In theory, this SOUNDS like House of Leaves, a famously labyrinthine book heavily inspired by the works of Jorge Luis Borges, which was filled with footnotes (many of which lead to nothing) and included a substantial frame narrative and substantial appendices, including an entire secondary novella within one of the appendices. House of Leaves is one of my favorite books, a marriage between a horror story and a love story, and it's extremely complicated to read.

But in practice, S. is mostly a love story between the two readers of "Ship of Theseus" as they chase down leads in a global conspiracy against the author V.M. Straka and people who ally themselves with him. It's very J.J. Abrams for most of the plot's intrigue to be in the margins regarding the story's metatextual narrative, rather than in the novel itself. Honestly, I found the metaplot very hard to follow, but the love story is nice. And while the novel "Ship of Theseus" may have been sort of meant more as a canvas for the love story than anything else, the novel "Ship of Theseus" itself is very well-written. It's visual, it's engaging, it's extremely political (and still relevant today), and it reads plausibly as a book that could have believably been written in the early 1900s. 

On all levels, S. is a great read. The book's major downside is that it is so complicated to read that if I put it down for too long, I forget all the details I've been trying to precariously hold in my head. But that just means it'll still feel fresh next time I try to read it. Maybe next time I'll even finish it.

 

RUNNERS-UP

 

#6

The Lightning Thief was technically a re-read, and thus its ability to qualify for this list is hazy. However, the last time I read The Lightning Thief, I didn't care for it, but this time I enjoyed it a lot more and am hoping to continue reading the series. It's a fun YA spin on Greek mythology in a contemporary setting, but most impressive to me in 2021 is how unquestionably neurodivergent its main character is, and that his stranger qualities end up being crucial to the story's progression and resolution.

 

#7

Ranma 1/2 vol 1-4 is very much a comfort read, but I think still deserves a place on this list. It's a manga which was formative for many trans people I know, but which I missed out on growing up (I went for Inuyasha and Fruits Basket instead).
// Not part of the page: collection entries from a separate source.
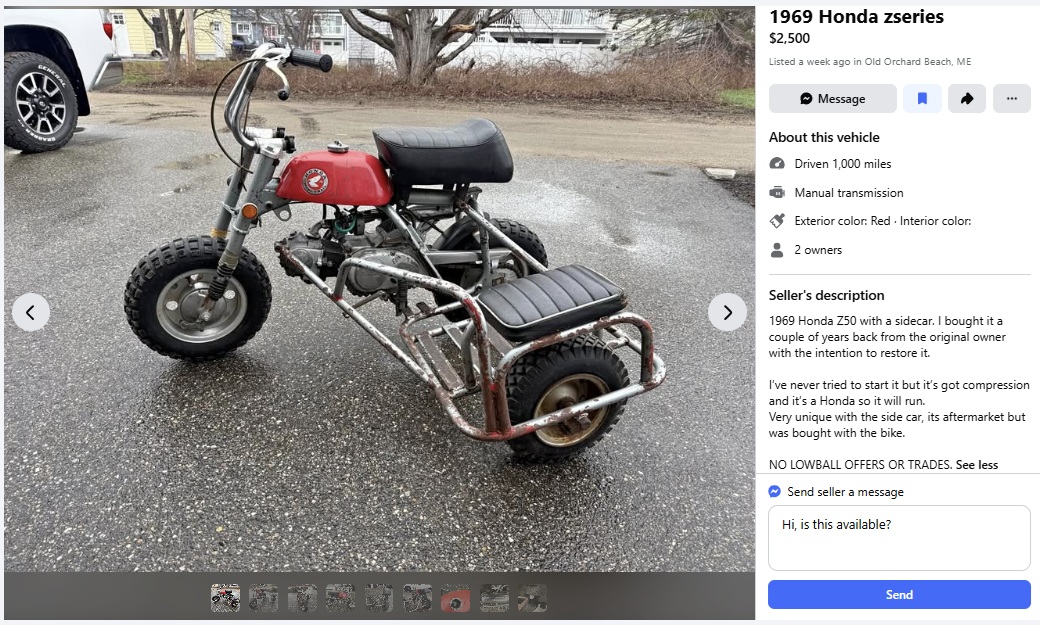 I’m not sure if the founders of the World Sidecar Championship had a Honda 50 in mind when they started their organization in 1949. Yeah, let’s just say they didn’t. This 1969 Honda Z50A K1 with sidecar is listed here on Facebook Marketplace in Old Orchard Beach, Maine, and they’re asking $2,500. Former Barn Finds writer Jay B. sent me a heads-up on this tip. Thanks, Jay! Here is the original listing in case some tall, skinny lunkhead grabs it.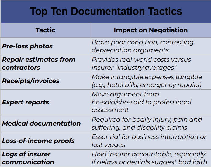 Documentation and Evidence: The Currency of Insurance Negotiation Explanation: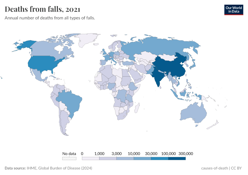 “Data Page: Deaths from falls”, part of the following publication: Esteban Ortiz-Ospina and Max Roser (2016) - “Global Health”. Data adapted from IHME, Global Burden of Disease. Retrieved from https://data-auxiliary-trade.owid.pages.dev/grapher/deaths-from-falls-gbd [online resource]How to cite this data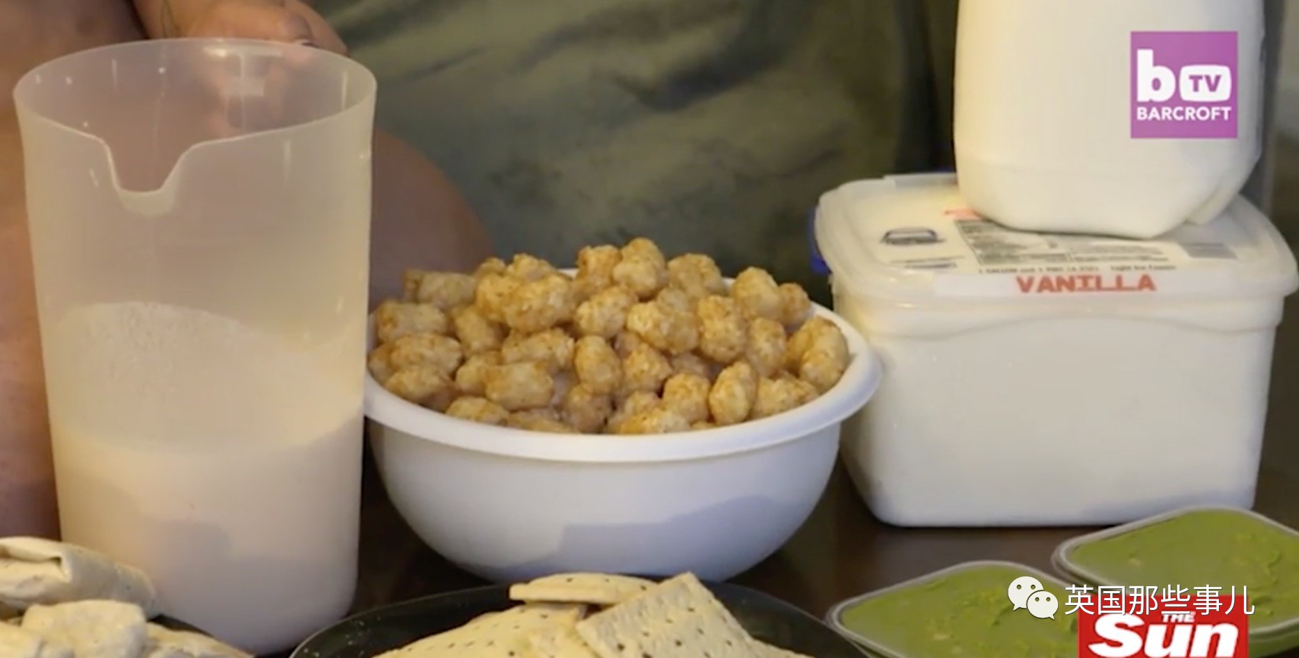 6个松饼,6个卷着面包吃的香肠,一大碗谷类早餐,两勺卡路里冲剂,4个麦当劳三明治,4个双层芝士汉堡,大份薯条,30个炸鸡块,干酪通心面,Taco Bell的食物,一加仑冰淇淋。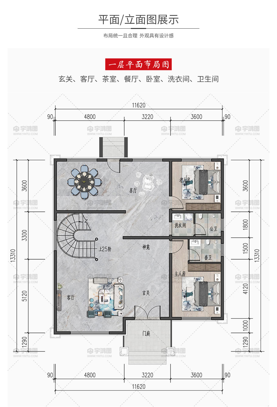 開間:11.6米 | 進深:13.3米 | 占地面積:141平方米 | 建筑面積:351平方米 |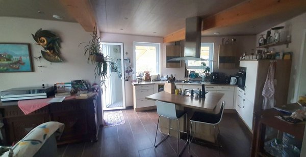 Imposant ist der über 42 Quadratmeter große Küchen- und Wohnbereich der Hauptwohnung. Die großen Fenster bieten einen wunderschönen Blick auf Terrasse und den großen Schwimmteich.
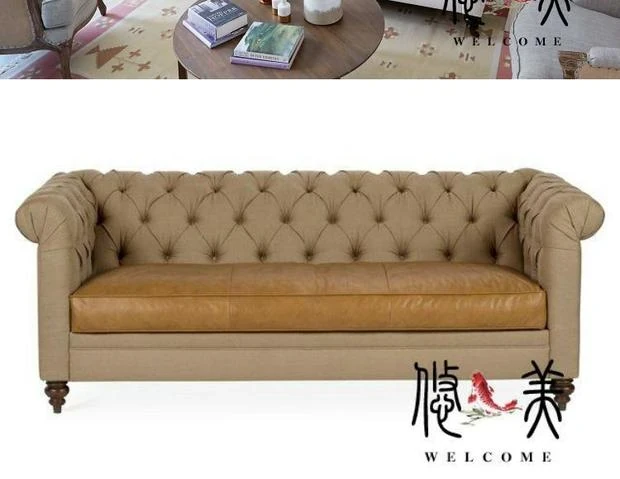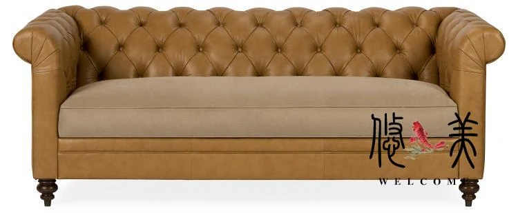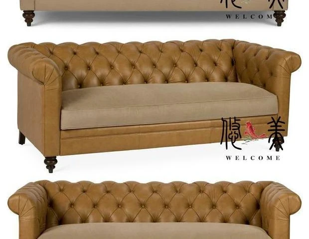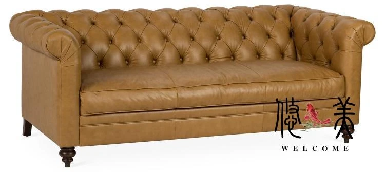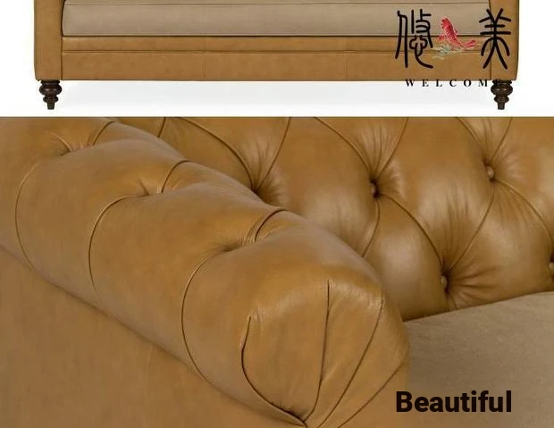 Classic American Leather Sofa - Retro European Style Waxed Leather Couch for Small to Medium Living Rooms - Elegant Minimalist Design, 3-Seater

The genderbender martial arts manga features a genderfluid protagonist who spends a lot of time engaging in very feminine activites, such as ice skating and rhythmic gymnastics. It's a strange and sweet kind of escapism.

 

#8

The only superhero comic to make my list this year is Shadow of the Batgirl, a standalone graphic novel about a young Cassandra Cain and her journey to becoming the Batgirl. Cassandra Cain is a traumatized ex-assassin who's illiterate, mute, and alone, but she escapes her abusive home and takes shelter in Gotham, and with the help of a ramen restaurant owner and Barbara Gordon, she learns how to become a hero she's proud to be. It's a sweet coming of age story with beautiful art, and a lovely introduction to a less popular superhero.

 

#9

A beautiful manga recommended to me again and again was Witch Hat Atelier vol 1, and it did indeed turn out to be right up my alley. This story - about a young girl who discovers magic and is subsequently whisked into the forbidden world of witchcraft - has a lot of similarities to other stories I've loved this year, including The Owl House (TV) and Atelier Sophie (game). Still, the sweet story and gorgeous art were hard for me to not love. 

 

#10

Finally, the tenth item on this list is The Witch Boy, a queer coming-of-age graphic novel by Molly Knox Ostertag. Similarly to Girl Haven, The Witch Boy is a story about a boy who doesn't really belong with other boys, and finds himself drawn to magic that only girls can use. His coming out about this to his parents at the story's end really reads as a trans coming out moment. However, the main character never actually changes his gender identity, and the boys' magic he shows little interest in is shapeshifting, so elements of the story didn't speak to me as much as Girl Haven.